▸ Task statement:
Each line below needs to be repeated precisely as it is.

· · · ·

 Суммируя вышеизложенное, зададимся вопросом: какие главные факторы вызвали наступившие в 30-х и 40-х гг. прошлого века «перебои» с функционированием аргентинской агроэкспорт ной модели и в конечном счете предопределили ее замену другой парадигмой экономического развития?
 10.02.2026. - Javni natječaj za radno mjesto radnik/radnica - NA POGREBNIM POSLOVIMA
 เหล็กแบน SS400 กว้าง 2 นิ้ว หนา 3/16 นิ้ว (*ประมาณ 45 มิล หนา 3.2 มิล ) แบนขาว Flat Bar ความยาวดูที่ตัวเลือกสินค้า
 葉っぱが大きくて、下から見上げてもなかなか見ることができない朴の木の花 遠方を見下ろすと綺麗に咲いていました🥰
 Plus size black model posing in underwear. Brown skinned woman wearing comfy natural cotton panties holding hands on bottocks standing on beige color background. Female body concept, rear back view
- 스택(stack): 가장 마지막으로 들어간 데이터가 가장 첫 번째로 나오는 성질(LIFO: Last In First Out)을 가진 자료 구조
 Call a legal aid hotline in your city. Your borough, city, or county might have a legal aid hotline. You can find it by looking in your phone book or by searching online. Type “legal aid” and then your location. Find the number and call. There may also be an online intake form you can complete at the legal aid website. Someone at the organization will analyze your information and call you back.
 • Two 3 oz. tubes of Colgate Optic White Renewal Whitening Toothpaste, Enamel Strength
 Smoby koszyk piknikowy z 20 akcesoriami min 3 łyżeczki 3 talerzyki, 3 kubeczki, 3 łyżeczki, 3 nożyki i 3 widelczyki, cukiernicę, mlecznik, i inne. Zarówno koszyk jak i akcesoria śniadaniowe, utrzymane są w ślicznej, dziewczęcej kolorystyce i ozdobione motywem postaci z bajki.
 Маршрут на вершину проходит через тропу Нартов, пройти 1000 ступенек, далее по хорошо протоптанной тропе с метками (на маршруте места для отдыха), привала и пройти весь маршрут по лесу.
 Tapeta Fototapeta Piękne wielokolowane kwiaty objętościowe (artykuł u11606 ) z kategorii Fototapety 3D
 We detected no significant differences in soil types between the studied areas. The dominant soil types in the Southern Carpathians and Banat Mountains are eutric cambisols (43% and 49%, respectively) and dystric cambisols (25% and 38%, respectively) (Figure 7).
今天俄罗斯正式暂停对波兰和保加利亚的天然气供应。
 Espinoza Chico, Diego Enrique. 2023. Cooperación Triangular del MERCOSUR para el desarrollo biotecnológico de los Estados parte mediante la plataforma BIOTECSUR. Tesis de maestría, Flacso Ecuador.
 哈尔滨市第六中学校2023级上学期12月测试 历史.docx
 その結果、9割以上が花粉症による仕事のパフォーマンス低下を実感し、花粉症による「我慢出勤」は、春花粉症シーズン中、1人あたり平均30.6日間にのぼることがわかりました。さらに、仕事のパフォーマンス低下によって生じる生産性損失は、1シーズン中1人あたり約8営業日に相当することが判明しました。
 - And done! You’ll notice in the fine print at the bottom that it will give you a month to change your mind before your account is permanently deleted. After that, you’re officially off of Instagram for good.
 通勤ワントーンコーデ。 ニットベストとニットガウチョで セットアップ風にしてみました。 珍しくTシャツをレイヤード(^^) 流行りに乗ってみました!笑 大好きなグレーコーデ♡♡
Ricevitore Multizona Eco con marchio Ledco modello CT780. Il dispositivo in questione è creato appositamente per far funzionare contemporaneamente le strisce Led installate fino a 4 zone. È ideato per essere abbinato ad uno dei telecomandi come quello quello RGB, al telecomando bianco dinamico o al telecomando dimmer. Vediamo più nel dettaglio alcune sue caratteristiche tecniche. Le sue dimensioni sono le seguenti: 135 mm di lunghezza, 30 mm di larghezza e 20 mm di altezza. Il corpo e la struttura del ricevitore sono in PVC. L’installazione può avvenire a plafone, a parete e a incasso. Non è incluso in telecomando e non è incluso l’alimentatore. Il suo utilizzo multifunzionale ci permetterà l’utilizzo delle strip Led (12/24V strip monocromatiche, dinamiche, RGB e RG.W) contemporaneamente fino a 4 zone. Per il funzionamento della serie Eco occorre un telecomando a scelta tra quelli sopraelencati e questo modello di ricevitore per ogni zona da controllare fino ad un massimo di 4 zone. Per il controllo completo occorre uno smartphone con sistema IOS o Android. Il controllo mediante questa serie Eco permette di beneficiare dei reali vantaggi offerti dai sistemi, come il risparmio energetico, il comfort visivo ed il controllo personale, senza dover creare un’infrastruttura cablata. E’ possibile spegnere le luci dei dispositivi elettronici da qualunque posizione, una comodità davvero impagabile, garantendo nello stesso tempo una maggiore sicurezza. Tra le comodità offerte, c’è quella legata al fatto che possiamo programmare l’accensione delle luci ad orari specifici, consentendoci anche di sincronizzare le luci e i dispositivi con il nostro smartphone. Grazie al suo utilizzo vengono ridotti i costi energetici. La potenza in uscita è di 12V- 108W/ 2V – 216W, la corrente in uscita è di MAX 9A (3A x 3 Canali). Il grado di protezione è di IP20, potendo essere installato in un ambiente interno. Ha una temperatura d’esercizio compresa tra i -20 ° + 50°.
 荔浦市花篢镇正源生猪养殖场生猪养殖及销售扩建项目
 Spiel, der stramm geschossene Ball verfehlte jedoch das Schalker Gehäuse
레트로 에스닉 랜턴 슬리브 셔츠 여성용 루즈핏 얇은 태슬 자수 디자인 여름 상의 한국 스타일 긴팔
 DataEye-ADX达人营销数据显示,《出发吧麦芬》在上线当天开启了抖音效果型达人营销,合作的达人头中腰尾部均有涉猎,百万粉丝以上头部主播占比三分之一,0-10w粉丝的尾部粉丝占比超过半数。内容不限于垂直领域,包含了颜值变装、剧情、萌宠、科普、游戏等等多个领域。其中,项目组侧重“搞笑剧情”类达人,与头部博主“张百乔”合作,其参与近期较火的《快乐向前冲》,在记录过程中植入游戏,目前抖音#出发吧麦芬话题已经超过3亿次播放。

· · · ·

▸ Answer section:
 Суммируя вышеизложенное, зададимся вопросом: какие главные факторы вызвали наступившие в 30-х и 40-х гг. прошлого века «перебои» с функционированием аргентинской агроэкспорт ной модели и в конечном счете предопределили ее замену другой парадигмой экономического развития?
 10.02.2026. - Javni natječaj za radno mjesto radnik/radnica - NA POGREBNIM POSLOVIMA
 เหล็กแบน SS400 กว้าง 2 นิ้ว หนา 3/16 นิ้ว (*ประมาณ 45 มิล หนา 3.2 มิล ) แบนขาว Flat Bar ความยาวดูที่ตัวเลือกสินค้า
 葉っぱが大きくて、下から見上げてもなかなか見ることができない朴の木の花 遠方を見下ろすと綺麗に咲いていました🥰
 Plus size black model posing in underwear. Brown skinned woman wearing comfy natural cotton panties holding hands on bottocks standing on beige color background. Female body concept, rear back view
- 스택(stack): 가장 마지막으로 들어간 데이터가 가장 첫 번째로 나오는 성질(LIFO: Last In First Out)을 가진 자료 구조
 Call a legal aid hotline in your city. Your borough, city, or county might have a legal aid hotline. You can find it by looking in your phone book or by searching online. Type “legal aid” and then your location. Find the number and call. There may also be an online intake form you can complete at the legal aid website. Someone at the organization will analyze your information and call you back.
 • Two 3 oz. tubes of Colgate Optic White Renewal Whitening Toothpaste, Enamel Strength
 Smoby koszyk piknikowy z 20 akcesoriami min 3 łyżeczki 3 talerzyki, 3 kubeczki, 3 łyżeczki, 3 nożyki i 3 widelczyki, cukiernicę, mlecznik, i inne. Zarówno koszyk jak i akcesoria śniadaniowe, utrzymane są w ślicznej, dziewczęcej kolorystyce i ozdobione motywem postaci z bajki.
 Маршрут на вершину проходит через тропу Нартов, пройти 1000 ступенек, далее по хорошо протоптанной тропе с метками (на маршруте места для отдыха), привала и пройти весь маршрут по лесу.
 Tapeta Fototapeta Piękne wielokolowane kwiaty objętościowe (artykuł u11606 ) z kategorii Fototapety 3D
 We detected no significant differences in soil types between the studied areas. The dominant soil types in the Southern Carpathians and Banat Mountains are eutric cambisols (43% and 49%, respectively) and dystric cambisols (25% and 38%, respectively) (Figure 7).
今天俄罗斯正式暂停对波兰和保加利亚的天然气供应。
 Espinoza Chico, Diego Enrique. 2023. Cooperación Triangular del MERCOSUR para el desarrollo biotecnológico de los Estados parte mediante la plataforma BIOTECSUR. Tesis de maestría, Flacso Ecuador.
 哈尔滨市第六中学校2023级上学期12月测试 历史.docx
 その結果、9割以上が花粉症による仕事のパフォーマンス低下を実感し、花粉症による「我慢出勤」は、春花粉症シーズン中、1人あたり平均30.6日間にのぼることがわかりました。さらに、仕事のパフォーマンス低下によって生じる生産性損失は、1シーズン中1人あたり約8営業日に相当することが判明しました。
 - And done! You’ll notice in the fine print at the bottom that it will give you a month to change your mind before your account is permanently deleted. After that, you’re officially off of Instagram for good.
 通勤ワントーンコーデ。 ニットベストとニットガウチョで セットアップ風にしてみました。 珍しくTシャツをレイヤード(^^) 流行りに乗ってみました!笑 大好きなグレーコーデ♡♡
Ricevitore Multizona Eco con marchio Ledco modello CT780. Il dispositivo in questione è creato appositamente per far funzionare contemporaneamente le strisce Led installate fino a 4 zone. È ideato per essere abbinato ad uno dei telecomandi come quello quello RGB, al telecomando bianco dinamico o al telecomando dimmer. Vediamo più nel dettaglio alcune sue caratteristiche tecniche. Le sue dimensioni sono le seguenti: 135 mm di lunghezza, 30 mm di larghezza e 20 mm di altezza. Il corpo e la struttura del ricevitore sono in PVC. L’installazione può avvenire a plafone, a parete e a incasso. Non è incluso in telecomando e non è incluso l’alimentatore. Il suo utilizzo multifunzionale ci permetterà l’utilizzo delle strip Led (12/24V strip monocromatiche, dinamiche, RGB e RG.W) contemporaneamente fino a 4 zone. Per il funzionamento della serie Eco occorre un telecomando a scelta tra quelli sopraelencati e questo modello di ricevitore per ogni zona da controllare fino ad un massimo di 4 zone. Per il controllo completo occorre uno smartphone con sistema IOS o Android. Il controllo mediante questa serie Eco permette di beneficiare dei reali vantaggi offerti dai sistemi, come il risparmio energetico, il comfort visivo ed il controllo personale, senza dover creare un’infrastruttura cablata. E’ possibile spegnere le luci dei dispositivi elettronici da qualunque posizione, una comodità davvero impagabile, garantendo nello stesso tempo una maggiore sicurezza. Tra le comodità offerte, c’è quella legata al fatto che possiamo programmare l’accensione delle luci ad orari specifici, consentendoci anche di sincronizzare le luci e i dispositivi con il nostro smartphone. Grazie al suo utilizzo vengono ridotti i costi energetici. La potenza in uscita è di 12V- 108W/ 2V – 216W, la corrente in uscita è di MAX 9A (3A x 3 Canali). Il grado di protezione è di IP20, potendo essere installato in un ambiente interno. Ha una temperatura d’esercizio compresa tra i -20 ° + 50°.
 荔浦市花篢镇正源生猪养殖场生猪养殖及销售扩建项目
 Spiel, der stramm geschossene Ball verfehlte jedoch das Schalker Gehäuse
레트로 에스닉 랜턴 슬리브 셔츠 여성용 루즈핏 얇은 태슬 자수 디자인 여름 상의 한국 스타일 긴팔
 DataEye-ADX达人营销数据显示,《出发吧麦芬》在上线当天开启了抖音效果型达人营销,合作的达人头中腰尾部均有涉猎,百万粉丝以上头部主播占比三分之一,0-10w粉丝的尾部粉丝占比超过半数。内容不限于垂直领域,包含了颜值变装、剧情、萌宠、科普、游戏等等多个领域。其中,项目组侧重“搞笑剧情”类达人,与头部博主“张百乔”合作,其参与近期较火的《快乐向前冲》,在记录过程中植入游戏,目前抖音#出发吧麦芬话题已经超过3亿次播放。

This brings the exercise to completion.